Note 2: gnu-make has a notion of order-only-prerequisites, but it apparently doesn't provide what we need. With
# user level targets
all: bar foo
#echo all
alt: foo
#echo alt
# internal targets
foo: | bar
#echo foo
bar:
#echo bar
make alt also build bar (if a file bar exist, its date doesn't influence the decision of rebuilding foo, which is the documented behavior).
Note 3: The more I think about it, the less I think it is possible to solve this problem with make without using a recursive call. It seems to me that it need two passes on the dependency graph, one to determine what has to be built, one to determine the ordering and I know nothing in make behavior which can't be done with a one pass algorithm.
Hmmm, how about this hack (for a hack it undoubtedly is :-)).

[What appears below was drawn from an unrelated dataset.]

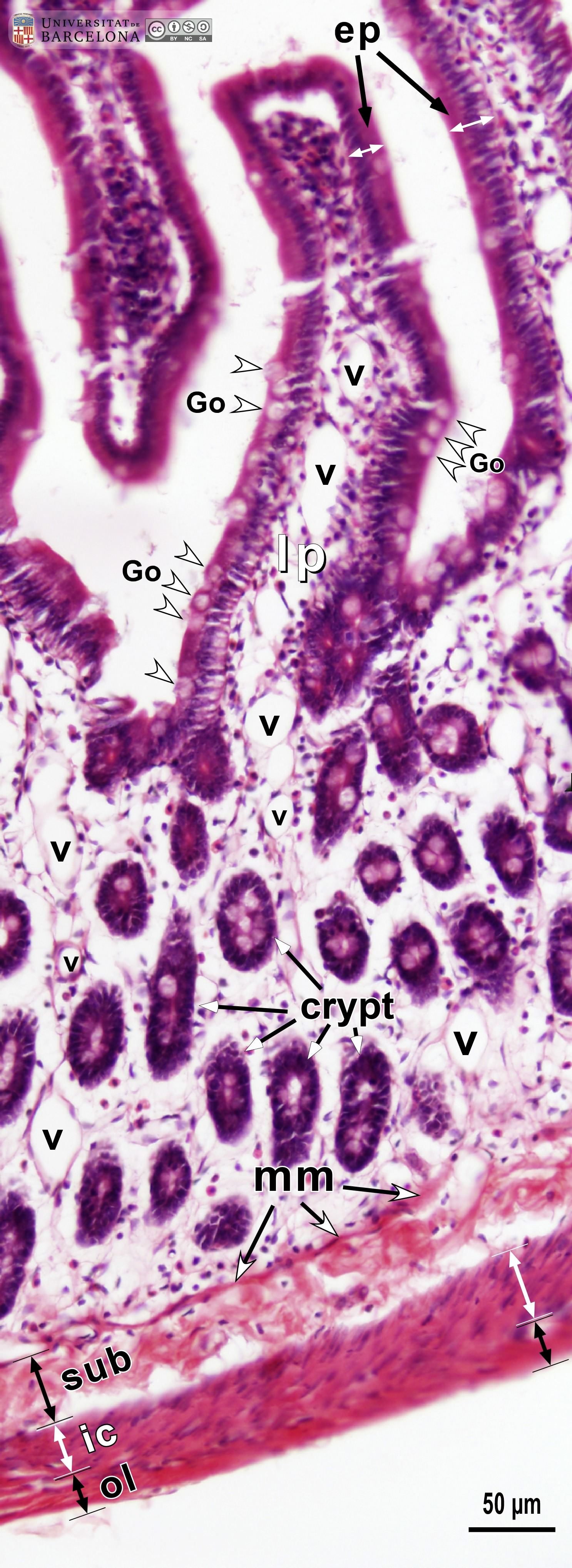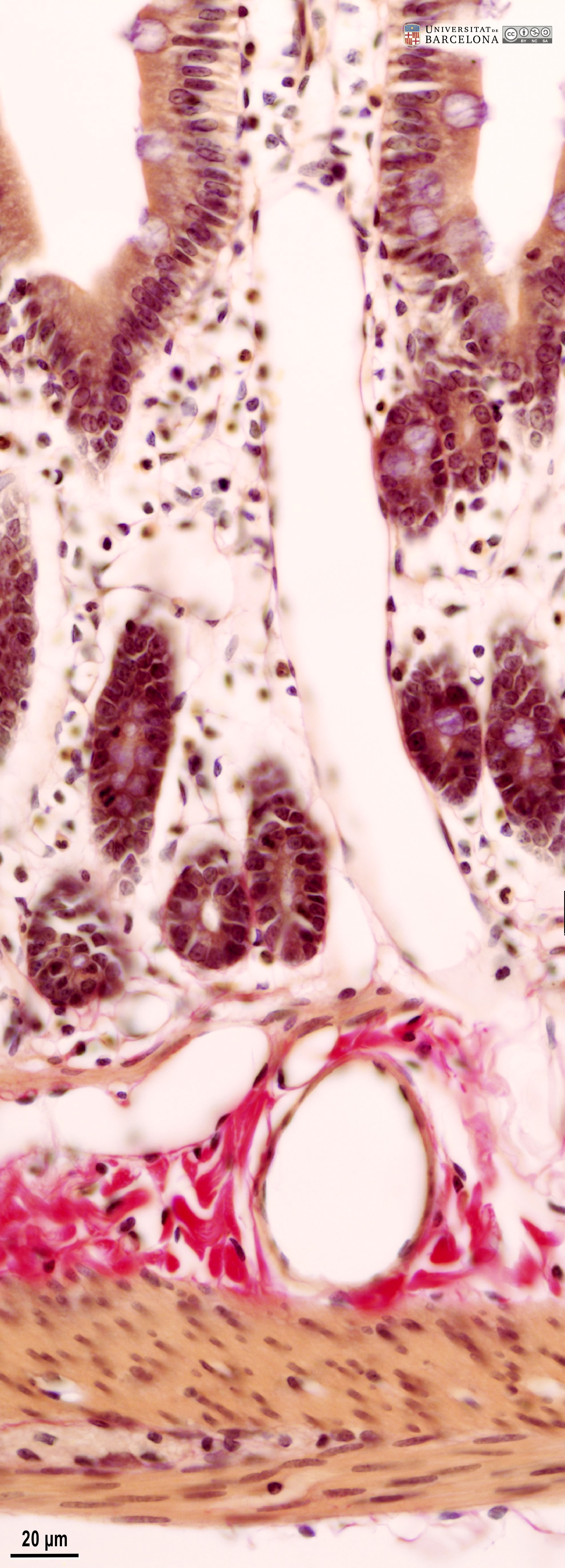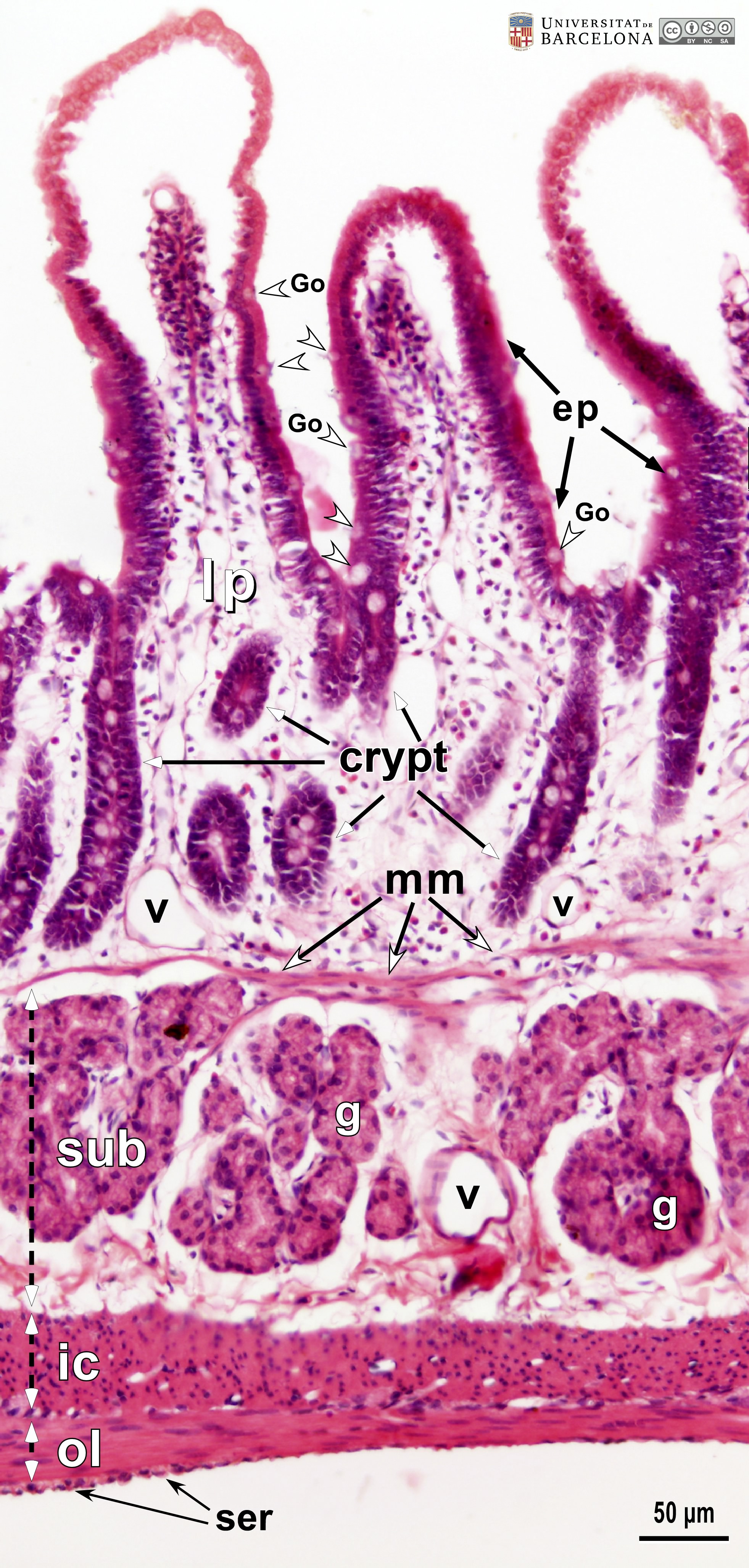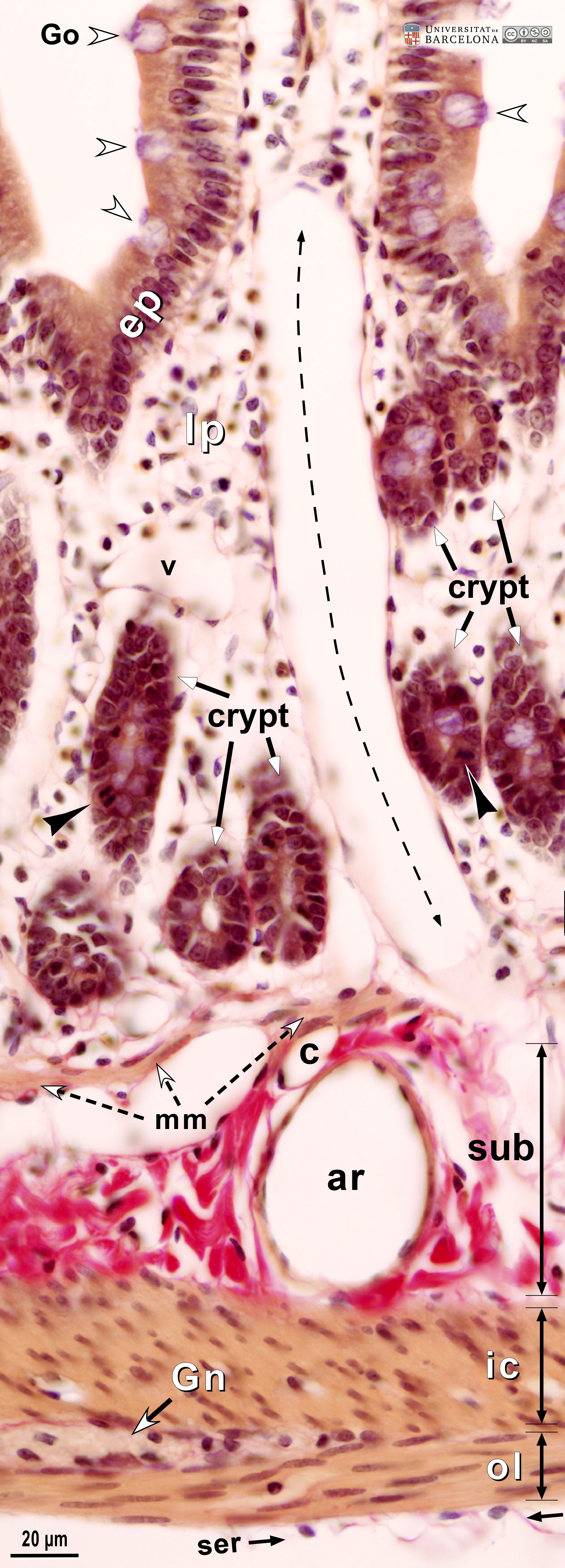 P_O_duodenum_vanGieson_50x_19_23_collage_LETTERS.jpg | Detail of the layers in the small intestine in a rat (collage of micrographs allowing detailed zoom). The base of a villus is seen at the top: it is lined with a simple columnar epithelium (ep) containing absorptive cells with a dark nucleus and pale brown cytoplasm, and goblet cells with a round accumulation of mucus located apically and stained lilac (Go). The surface epithelium invaginates into the mucosa, forming crypts, in which proliferative cells undergo mitosis (black arrowheads) to constantly renew the epithelium of the villi. Inside the villi and between the crypts, a palely stained lamina propria (lp) is present: a lightly stained matrix accommodates darkly stained cells and numerous blood vessels (v and bidirectional dashed segment). The inner border of the mucosa consists of a thin layer of smooth muscle cells: the muscularis mucosae (mm). Beneath this lies the submucosa (sub) containing many blood vessels – arteries (ar), veins, and capillaries (c) –, scattered cells, and a dense matrix of collagen fibres vividly stained with acid fuchsin. Underneath, a thick layer of smooth muscle cells is observed, with a pale brown cytoplasm and dark nucleus. According to the cell orientation, this layer is divided into two: an inner or circular layer (ic) and an outer or longitudinal layer (ol). In this longitudinal section of the intestine, the elongated cell nuclei appear as round sections in the inner/circular layer, while they can be seen at full length in the outer/longitudinal layer. Between these two muscular layers, ganglia of the myenteric – Auerbach's – plexus can be observed (Gn). A thin serosa (ser) forms the external envelope of the tube. Paraffin section, van Gieson trichrome. | 1.39 MB | JPEG | ![]() View/Open |

Basically, you could run make -d -n plus your command arguments. The output will contain several lines like Must remake target 'clean'. This information tells you whether this run of make will attempt to build both foo and bar. If this turns out to be the case, just add a rule to cause the serialisation you want.
A sketch:
this := $(lastword ${MAKEFILE_LIST})
ifndef DONTRECURSE
targets-that-will-get-remade := $(patsubst %',%,$(shell ${MAKE} -f ${this} ${MAKECMDGOALS} --debug=b -n DONTRECURSE=nosiree | grep -Po "Must remake target '\K.*'"))
endif
ifeq (bar foo,$(sort $(filter bar foo,${targets-that-will-get-remade})))
foo: bar
endif
.PHONY: foo bar
foo bar:
sleep 3
: $#
So, you run make. DONTRECURSE is not set so the $(shell …) runs. That runs make a second time with the same makefile and goals, but adds the -d (debug) and -n (don't actually run the recipes) flags. DONTRECURSE is set to prevent a third copy of make running.
The expansion of all that is a list of the targets this run of make will attempt to build on this run. (Extracting the target names is pretty tiresome—there is probably a cleaner way.)
If this list of targets includes both foo and bar, simply add a foo: bar dependency. Job done. The sleep 3 lines show this serialisation working when you use -j4 (say).